A linear equation in one variable has degree 1. Solve by isolating the variable using inverse operations (addition↔subtraction, multiplication↔division).

★ Memorize
Standard form: ax + b = c
Steps: Distribute → Combine → Move vars → Isolate
Check: substitute answer back
Example
Solve: 3x − 5 = 16
3x = 21 → x = 7
4

Linear Inequalities

Inequalities use <, >, ≤, ≥. Solve like equations, but FLIP the inequality sign when multiplying or dividing by a NEGATIVE number.

★ KEY RULE — Flip when × or ÷ negative
−2x > 8 → x < −4 (sign flipped!)
Compound: a < x < b (interval notation)
Graph: open circle (</>), closed circle (≤/≥)
Example
Solve: −3x + 4 ≤ 13
−3x ≤ 9 → x ≥ −3
5

Functions & Graphs

A function maps each input (domain) to exactly ONE output (range).

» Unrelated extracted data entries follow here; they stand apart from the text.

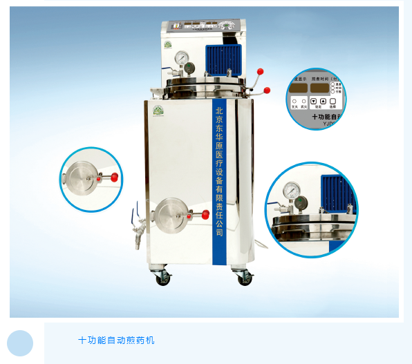 ? 東華原醫(yī)療十功能自動煎藥機將中醫(yī)藥傳統(tǒng)文化與現(xiàn)代科學(xué)技術(shù)深度結(jié)合,具備多種先進的中藥煎煮功能,先煎后下,滿足不同需求;自動加熱,文武火可調(diào);數(shù)控定時,無味煎藥;升溫滅菌,滑動鍋蓋;電動攪拌、自動加水計量;電動擠壓,藥渣自動分離;自動清洗,蒸汽冷凝,安全有保障……此外,十功能自動煎藥機還保留了傳統(tǒng)特色,具備常壓煎煮功能,提供多元化中藥煎煮解決方案。
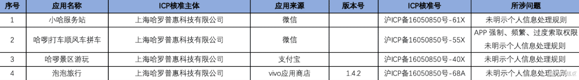 被通报的4款APP包括:“小哈服务站”存在未明示个人信息处理规则问题;“哈啰 | 打车顺风车拼车”存在APP强制、频繁、过度索取权限及未明示个人信息处理规则问题;“哈啰景区游玩”存在未明示个人信息处理规则问题;“泡泡旅行”同样存在未明示个人信息处理规则问题。
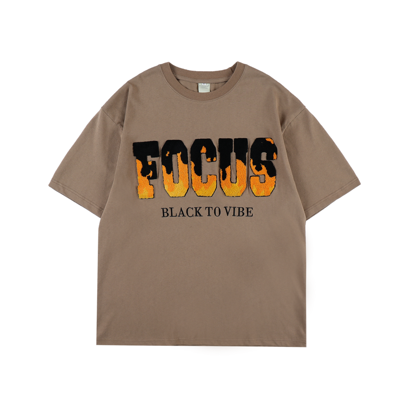 Светло-коричневая футболка с пушистой нашивкой Focus бренд Fair Focus
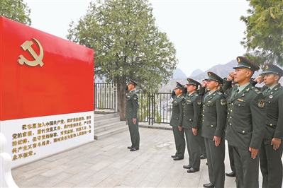 图①:清明节前夕,北京卫戍区某部官兵赴平西抗日烈士陵园开展祭扫活动,面向党旗宣誓,汲取前行力量。
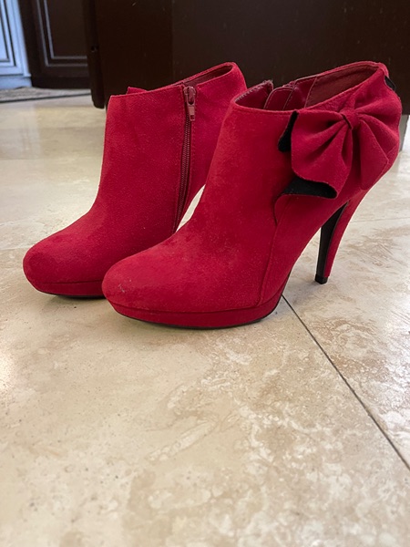 Red boot with bow...Hugh heel..worn twice ..$5 obo
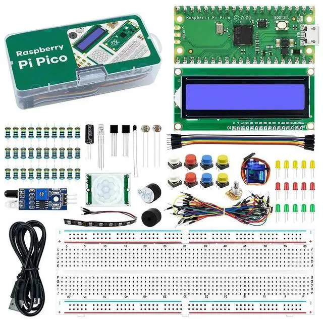For Raspberry Pi Pico RP2040 Basic Starter Kit LCD1602 Display Module Breadboard for Raspberry Pi Beginners & Software Engineer
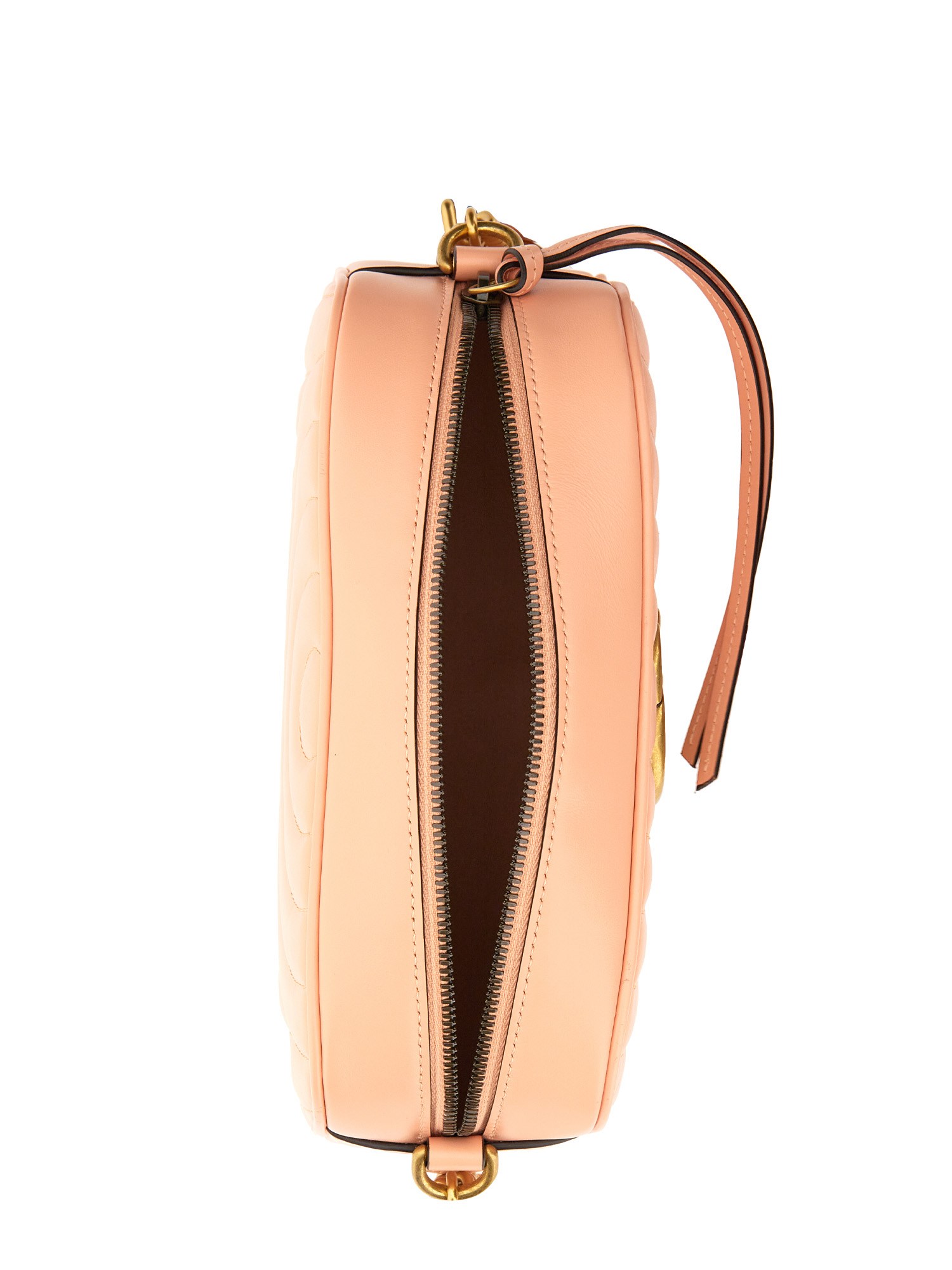 The small GG Marmont chain shoulder bag has a softly structured shape and a zip top closure, completed by the Double G. The leather shoulder strap is adjustable, allowing it to be styled as a crossbody, whereas matelassé leather with a geometric design draws attention to the line's monogram hardware.

Tested with the Vertical Line Test on a graph.

★ Memorize
f(x) = expression in x
Domain: set of valid inputs
Range: set of all outputs
Vertical Line Test: a graph is a function if no vertical line crosses it more than once
Example
f(x) = 2x − 3. Find f(5).
f(5) = 2(5) − 3 = 10 − 3 = 7
6

Linear Functions & Slope

A linear function forms a straight line. Slope (m) measures steepness. The y-intercept (b) is where the line crosses the y-axis.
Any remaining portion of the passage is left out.